Tetapi betapa terkejutnya dia, pada bulan Januari dia ditelepon oleh sang bankir, katanya bulan Maret ini bank akan menarik piutang mereka. Indra pun stress, dia mencoba mencari pinjaman ke bank lain, tetapi tak ada yang mau meminjaminya. Akhirnya, Indra pun menjual aset-aset perusahaannya. Tokonya yang dulu seluas 5000 m², sekarang tinggal 500 m². Karyawannya pun tinggal 20 orang.

Ada jutaan Indra-Indra yang lain di seluruh dunia. Tidak semua seberuntung dia, setidak-tidaknya Indra yang ini masih sanggup menyelamatkan perusahaannya dari kebangkrutan. Tetapi yang lain bagaimana? Kalau kredit mereka ditarik oleh bank, berapa banyak dari Indra-Indra yang lain yang akan menutup usahanya, berapa juta manusia akan yang kehilangan pekerjaan karena PHK?

* Satu hal yang tidak disadari oleh kebanyakan orang adalah betapa para "orang kaya" dan "konglomerat" sebenarnya tidak terlalu kaya. Mereka memiliki penampilan ekstra mewah memang karena mereka memiliki banyak uang, tetapi uang mereka adalah kredit (hutang). Kalau kredit-kredit itu dikembalikan, Anda akan kaget betapa orang-orang itu sebenarnya biasa-biasa saja. Korporat-korporat juga demikian, nyaris semua perusahaan high profile hidup dari hutang. Kalau mereka gagal merestrukturisasi (rollover) hutang dan obligasi jatuh tempo mereka, perusahaan-perusahaan ternama itu akan bankrut saat itu juga.

Sistem perbankan yang sekarang ibarat meja yang sudah runtuh. Komponen di kaki-kaki meja mereka setiap bulan ada yang membusuk dan harus diamputasi... Bukannya membuat meja dari bahan padat, bankir-bankir modern malah membuat meja mereka dari bahan kertas lunak beracun (derivatif)...

Gagal bayarnya KPR subprime (KPR untuk orang-orang berpendapatan rendah ataupun pendapatan tidak tetap / KPR yang beresiko tinggi untuk default) hanyalah pembuka, masih ada KPRprime yang juga sedang gagal bayar, kredit pembelian real estate komersial, kartu kredit, kredit kendaraan bermotor, kredit korporat,effect swap, foreign exchange swap, dan sebagainya. Sejumlah besar sekuritisasi produk-produk tersebut masih disembunyikan di trading book perbankan barat. Kalau semuanya nantinya akan dicatatkan dibanking book (neraca), it's game over, mereka tidak akan mungkin menemukan modal untuk itu. $1000's trillion is just too much....!
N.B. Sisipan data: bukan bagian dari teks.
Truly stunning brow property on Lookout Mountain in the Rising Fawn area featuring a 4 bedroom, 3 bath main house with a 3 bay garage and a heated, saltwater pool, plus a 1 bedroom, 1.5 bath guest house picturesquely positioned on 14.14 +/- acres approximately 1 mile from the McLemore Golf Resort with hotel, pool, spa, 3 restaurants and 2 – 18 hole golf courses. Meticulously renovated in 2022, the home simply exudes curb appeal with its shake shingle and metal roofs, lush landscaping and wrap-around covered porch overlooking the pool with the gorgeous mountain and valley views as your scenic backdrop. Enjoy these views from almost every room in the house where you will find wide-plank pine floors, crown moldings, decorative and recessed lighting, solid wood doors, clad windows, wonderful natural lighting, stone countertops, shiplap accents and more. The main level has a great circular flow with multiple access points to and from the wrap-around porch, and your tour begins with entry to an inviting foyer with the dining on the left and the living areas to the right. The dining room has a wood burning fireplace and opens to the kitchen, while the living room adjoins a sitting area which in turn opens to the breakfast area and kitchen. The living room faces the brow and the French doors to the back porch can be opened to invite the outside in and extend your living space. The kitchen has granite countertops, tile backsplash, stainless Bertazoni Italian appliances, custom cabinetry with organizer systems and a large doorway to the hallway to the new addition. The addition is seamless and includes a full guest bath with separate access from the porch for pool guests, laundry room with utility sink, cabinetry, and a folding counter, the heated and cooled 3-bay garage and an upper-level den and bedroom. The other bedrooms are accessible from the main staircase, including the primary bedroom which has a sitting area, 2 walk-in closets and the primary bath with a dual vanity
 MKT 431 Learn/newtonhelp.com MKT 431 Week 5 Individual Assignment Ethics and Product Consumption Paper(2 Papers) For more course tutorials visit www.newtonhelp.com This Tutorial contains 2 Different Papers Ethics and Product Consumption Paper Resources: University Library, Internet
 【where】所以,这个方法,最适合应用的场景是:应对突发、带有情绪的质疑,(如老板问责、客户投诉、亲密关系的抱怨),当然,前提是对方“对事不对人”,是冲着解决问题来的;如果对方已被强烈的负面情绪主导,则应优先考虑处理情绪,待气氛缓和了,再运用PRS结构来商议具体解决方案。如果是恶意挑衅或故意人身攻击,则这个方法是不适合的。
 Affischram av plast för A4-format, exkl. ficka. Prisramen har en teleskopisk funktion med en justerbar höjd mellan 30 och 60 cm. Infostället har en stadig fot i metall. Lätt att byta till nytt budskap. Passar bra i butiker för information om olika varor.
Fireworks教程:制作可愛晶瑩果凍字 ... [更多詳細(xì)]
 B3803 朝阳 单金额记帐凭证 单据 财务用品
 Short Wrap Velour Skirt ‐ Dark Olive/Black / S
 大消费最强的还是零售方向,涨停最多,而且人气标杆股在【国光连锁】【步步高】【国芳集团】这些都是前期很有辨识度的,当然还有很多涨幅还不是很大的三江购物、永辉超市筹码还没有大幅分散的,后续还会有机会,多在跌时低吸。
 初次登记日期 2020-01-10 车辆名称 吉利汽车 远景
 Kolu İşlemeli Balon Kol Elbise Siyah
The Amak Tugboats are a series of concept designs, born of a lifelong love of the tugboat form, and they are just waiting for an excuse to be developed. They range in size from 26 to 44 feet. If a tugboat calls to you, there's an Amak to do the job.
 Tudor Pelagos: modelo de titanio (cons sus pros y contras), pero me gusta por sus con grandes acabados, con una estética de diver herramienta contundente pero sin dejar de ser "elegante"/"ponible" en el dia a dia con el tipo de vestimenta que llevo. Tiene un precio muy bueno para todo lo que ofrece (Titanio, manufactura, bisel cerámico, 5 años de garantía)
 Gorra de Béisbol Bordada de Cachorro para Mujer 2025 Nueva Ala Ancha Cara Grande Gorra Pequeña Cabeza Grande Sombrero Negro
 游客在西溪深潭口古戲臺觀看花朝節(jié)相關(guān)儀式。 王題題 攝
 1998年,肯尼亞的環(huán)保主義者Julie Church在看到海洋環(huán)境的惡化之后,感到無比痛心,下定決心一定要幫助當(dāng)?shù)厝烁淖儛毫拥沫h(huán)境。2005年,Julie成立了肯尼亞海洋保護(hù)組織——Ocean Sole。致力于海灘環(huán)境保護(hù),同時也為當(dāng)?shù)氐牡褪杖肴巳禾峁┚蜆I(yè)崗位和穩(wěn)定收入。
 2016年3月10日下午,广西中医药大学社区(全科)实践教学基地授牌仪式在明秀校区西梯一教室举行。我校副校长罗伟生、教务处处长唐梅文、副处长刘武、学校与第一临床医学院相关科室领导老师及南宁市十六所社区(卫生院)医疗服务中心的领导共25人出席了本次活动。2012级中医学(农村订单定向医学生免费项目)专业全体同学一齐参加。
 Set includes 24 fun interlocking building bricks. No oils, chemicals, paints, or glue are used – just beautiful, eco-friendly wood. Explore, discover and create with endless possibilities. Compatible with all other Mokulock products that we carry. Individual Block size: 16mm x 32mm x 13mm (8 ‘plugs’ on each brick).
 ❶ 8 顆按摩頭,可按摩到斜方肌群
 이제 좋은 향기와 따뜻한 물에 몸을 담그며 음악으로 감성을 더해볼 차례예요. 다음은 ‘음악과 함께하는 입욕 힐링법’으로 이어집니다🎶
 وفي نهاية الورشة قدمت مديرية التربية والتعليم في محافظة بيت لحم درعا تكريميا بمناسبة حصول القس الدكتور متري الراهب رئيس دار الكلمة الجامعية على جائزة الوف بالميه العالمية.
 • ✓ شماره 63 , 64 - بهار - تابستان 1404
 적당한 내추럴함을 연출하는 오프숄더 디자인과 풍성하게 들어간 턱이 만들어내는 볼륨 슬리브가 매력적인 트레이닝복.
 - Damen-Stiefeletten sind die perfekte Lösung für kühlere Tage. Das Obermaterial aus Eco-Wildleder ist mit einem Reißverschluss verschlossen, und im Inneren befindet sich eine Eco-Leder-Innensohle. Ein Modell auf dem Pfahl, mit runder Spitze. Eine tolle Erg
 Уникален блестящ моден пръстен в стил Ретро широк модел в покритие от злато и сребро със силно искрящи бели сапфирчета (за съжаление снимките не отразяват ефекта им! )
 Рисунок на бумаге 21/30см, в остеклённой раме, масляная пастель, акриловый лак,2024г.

Dalam Protokol Zion, disebutkan bahwa bankir zionis akan menghancurkan ekonomi riil, lalu menghancurkan sistem finansial (perbankan), dan kemudian tampil sebagai Raja (penyelamat manusia) dengan menyediakan semua infrastruktur dan bahan baku bagi manusia untuk survive. Mereka secara de facto memang telah menguasai semua asset riil di dunia. Berbagai perusahaan komoditi dan usaha yang menguasai hajat hidup orang banyak memang telah diprivatisasi oleh semua negara dan diborong oleh perusahaan-perusahaan yang dibacking oleh bankir zionis ini (Rothschild, Rockefeller, Oppenheimer, Warburg, dll).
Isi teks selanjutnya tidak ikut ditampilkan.